Colwood resident Dar Churcher stands beside her property on Bunker Road

Resident applauds freeze on community boxes in Colwood

Canada Post move a ‘temporary win’ for resident on busy corner

Some West Shore residents will be able to sleep a little better this week knowing that community mailboxes will not spring up in their neighbourhoods anytime soon.

Canada Post has announced it is freezing plans to end door-to-door mail delivery and switch to community mailboxes for hundreds of thousands of households across the country, a reprieve that includes the West Shore.

“I’m absolutely delighted to hear the news,” said Colwood resident Dar Churcher. “I didn’t anticipate it to be this soon.”

Churcher, like many West Shore residents, has been voicing her concerns about the transition to community style mailboxes.

Her biggest beef is the safety of the potential location of the box designated for her area. A notification she received from Canada Post stated that the 48-compartment mailbox would be installed on the gravel shoulder of her property on Bunker Road. But along that side of her property she has a hedge and a number of trees that obstruct sight lines, making for what she calls “a blind corner.” She’s concerned that with the speed vehicles travel along Wishart Road, and the number of cars that could be parked just out of view in front of the intended mailbox, it could be a disaster waiting to happen.

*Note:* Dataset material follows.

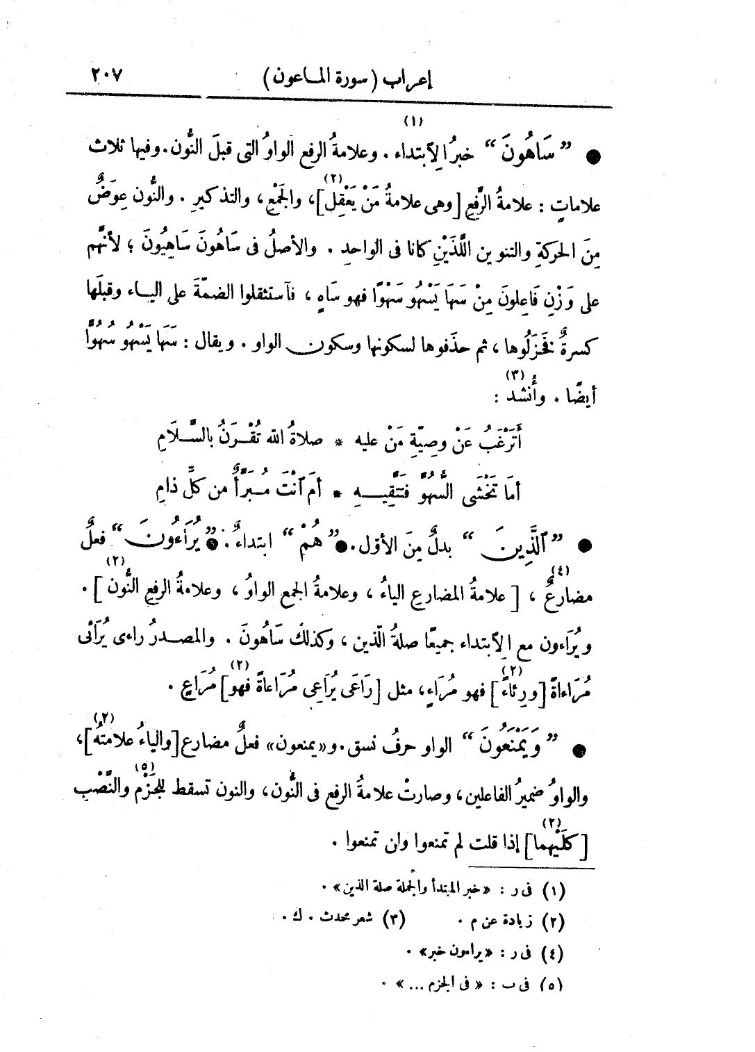 • "الذين" بدل من الأول. "هم" ابتداء. "يراءون" فعل مضارع، [علامة المضارع الياء، وعلامة الجمع الواو، وعلامة الرفع النون]. ويراءون مع الابتداء جميعا صلة الذين، وكذلك ساهون. والمصدر راءى يرائي مراءاة [ورئاء] فهو مراء، مثل [راعى يراعى مراعاة فهو] مراع.

“The safety factor wasn’t taken into consideration,” she said.

Churcher has been using a wheelchair for 17 years and until recently couldn’t even walk to the side of her property. While she is more mobile of late, she admits she still has her bad days and requires the use of her wheelchair to get into her home. She’s concerned that if the proposed community box goes up in its planned spot, it will restrict her access to her property.

She also noted people driving to access the box will have nowhere to turn around and would likely be driving onto private property.

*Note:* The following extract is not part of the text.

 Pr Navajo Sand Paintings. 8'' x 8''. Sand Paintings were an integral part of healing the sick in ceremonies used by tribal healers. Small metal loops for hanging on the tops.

On Monday the Crown corporation announced it is “temporarily suspending” the deployment, pending discussions with the incoming Liberal government on how “to determine the best path forward given the ongoing challenges faced by the Canadian postal system.”

The Liberals ran on a promise to study and potentially reverse the shift away from home delivery.

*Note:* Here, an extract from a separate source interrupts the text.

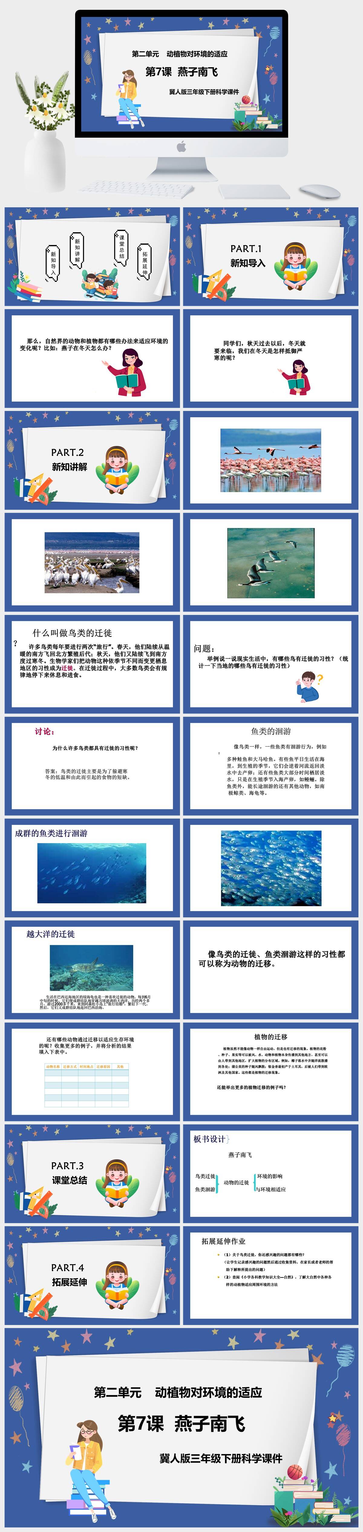 HKKX1968-冀人版三年级下册科学《第二单元 动植物对环境的适应 第7课 燕子南飞》课件PPT模板

“It’s a golden opportunity for the Liberals to carry favour with the electorate,” Churcher said. “It gives me hope.”

But she will take the suspension as “a temporary win with the hope that it will be a permanent win.”

Canada Post said 460,000 addresses across the country are in the process of being converted to community mail boxes and all conversions scheduled for November, December or 2016 will be put on hold.

“Customers impacted by this decision will receive a letter within the next few weeks advising them of the status of their mail delivery service,” Canada Post said in a news release.

“In neighbourhoods where the 10-month internal and community conversion process is complete, customers will collect mail and parcels at their community mailbox. This includes customers set to begin receiving their mail and parcels in their boxes in October. We remain focused on maintaining reliable postal service to all Canadians without disruption.”

Community mailboxes have been the target of criminals across the West Shore, with residents in many neighbourhoods voicing concerns their mail is too vulnerable to theft. The conversion has also been fought by the union representing postal employees.